• **ASSIGNED TASK**: Work through the listing below and give again exactly the lines from the one with "Созданная реляционная база" to the one with "本次案例的房子朝向是東,通風", both ends included. All other lines and all pictures stay out.
[Opening DATA LISTING section]
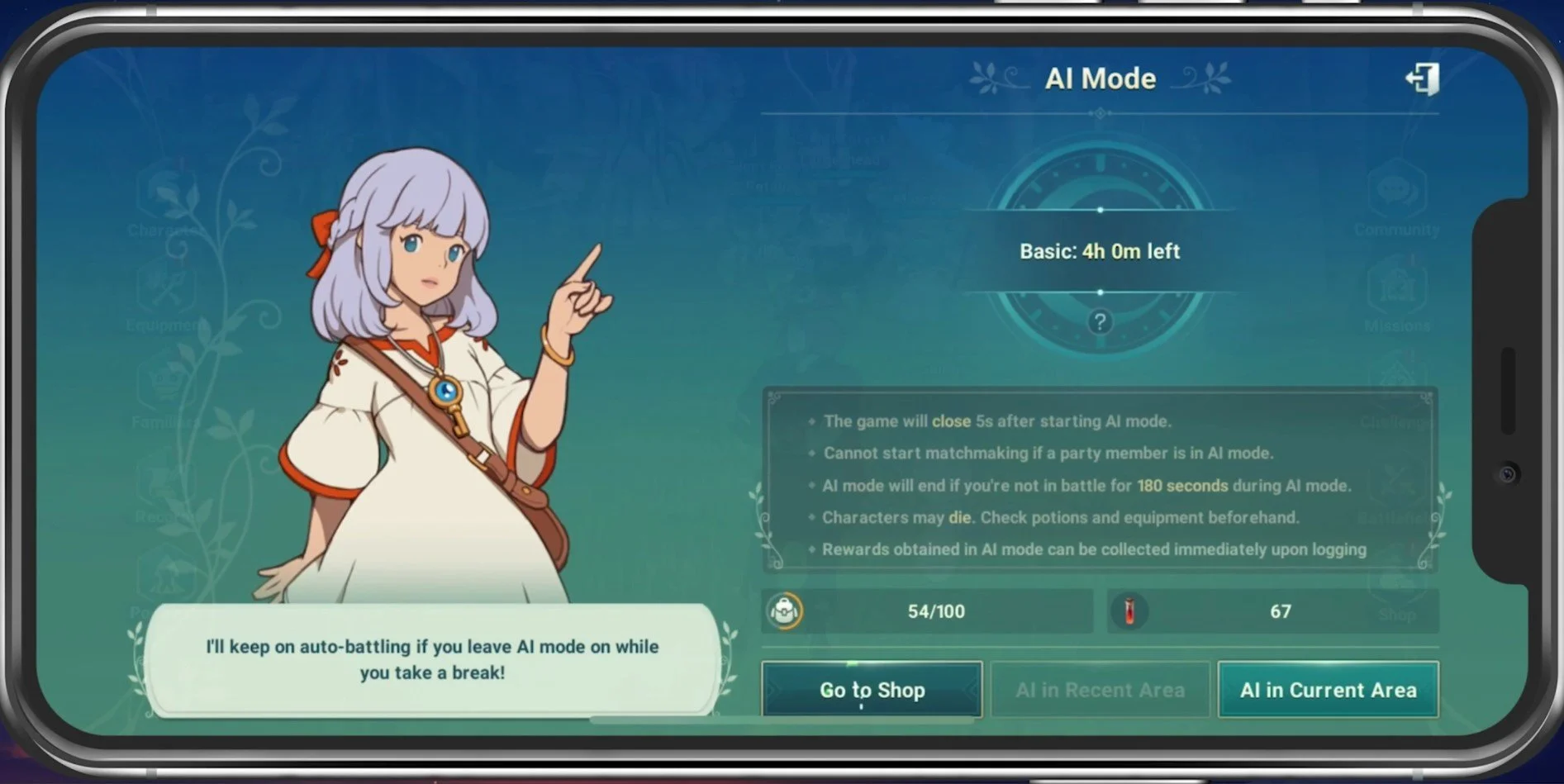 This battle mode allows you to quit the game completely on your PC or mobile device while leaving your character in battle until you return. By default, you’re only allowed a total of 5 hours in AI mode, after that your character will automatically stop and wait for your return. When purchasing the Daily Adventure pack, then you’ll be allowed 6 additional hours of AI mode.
[Closing DATA LISTING section]
[Opening DATA LISTING section]
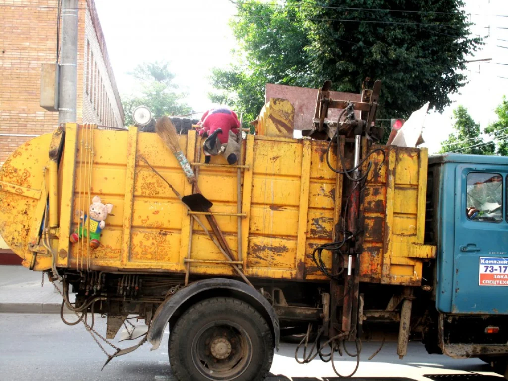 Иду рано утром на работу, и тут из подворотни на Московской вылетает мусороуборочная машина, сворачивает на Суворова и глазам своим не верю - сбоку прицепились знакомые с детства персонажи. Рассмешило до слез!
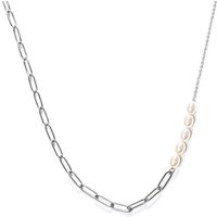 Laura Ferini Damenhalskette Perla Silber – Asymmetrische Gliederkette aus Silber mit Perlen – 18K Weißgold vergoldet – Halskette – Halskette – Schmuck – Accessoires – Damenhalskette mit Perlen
[Closing DATA LISTING section]
[Opening DATA LISTING section]
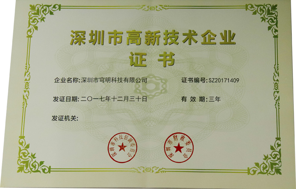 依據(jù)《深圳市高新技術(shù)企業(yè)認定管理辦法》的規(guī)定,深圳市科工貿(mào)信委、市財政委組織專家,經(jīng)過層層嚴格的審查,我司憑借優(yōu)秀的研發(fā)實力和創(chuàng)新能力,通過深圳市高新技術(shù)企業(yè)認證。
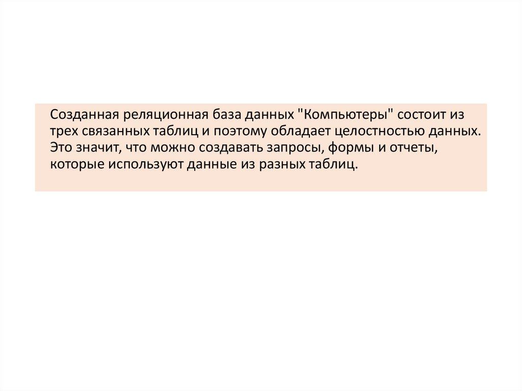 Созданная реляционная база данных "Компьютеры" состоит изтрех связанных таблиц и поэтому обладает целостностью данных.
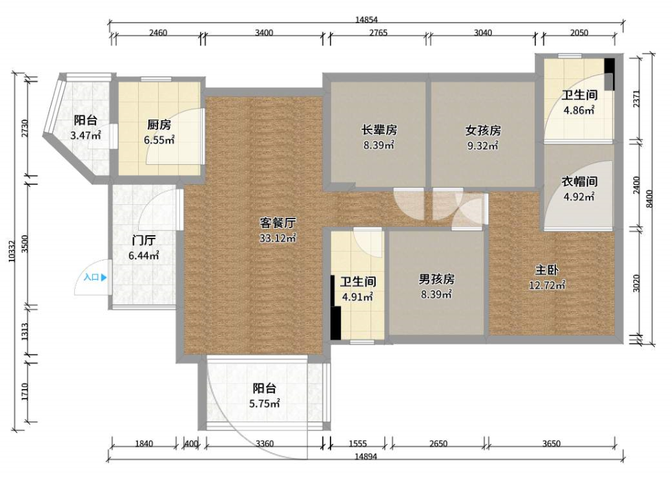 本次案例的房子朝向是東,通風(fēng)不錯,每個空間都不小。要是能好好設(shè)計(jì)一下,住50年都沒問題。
[Closing DATA LISTING section]
• **SOLVED EXERCISE**:
 Созданная реляционная база данных "Компьютеры" состоит изтрех связанных таблиц и поэтому обладает целостностью данных.
 本次案例的房子朝向是東,通風(fēng)不錯,每個空間都不小。要是能好好設(shè)計(jì)一下,住50年都沒問題。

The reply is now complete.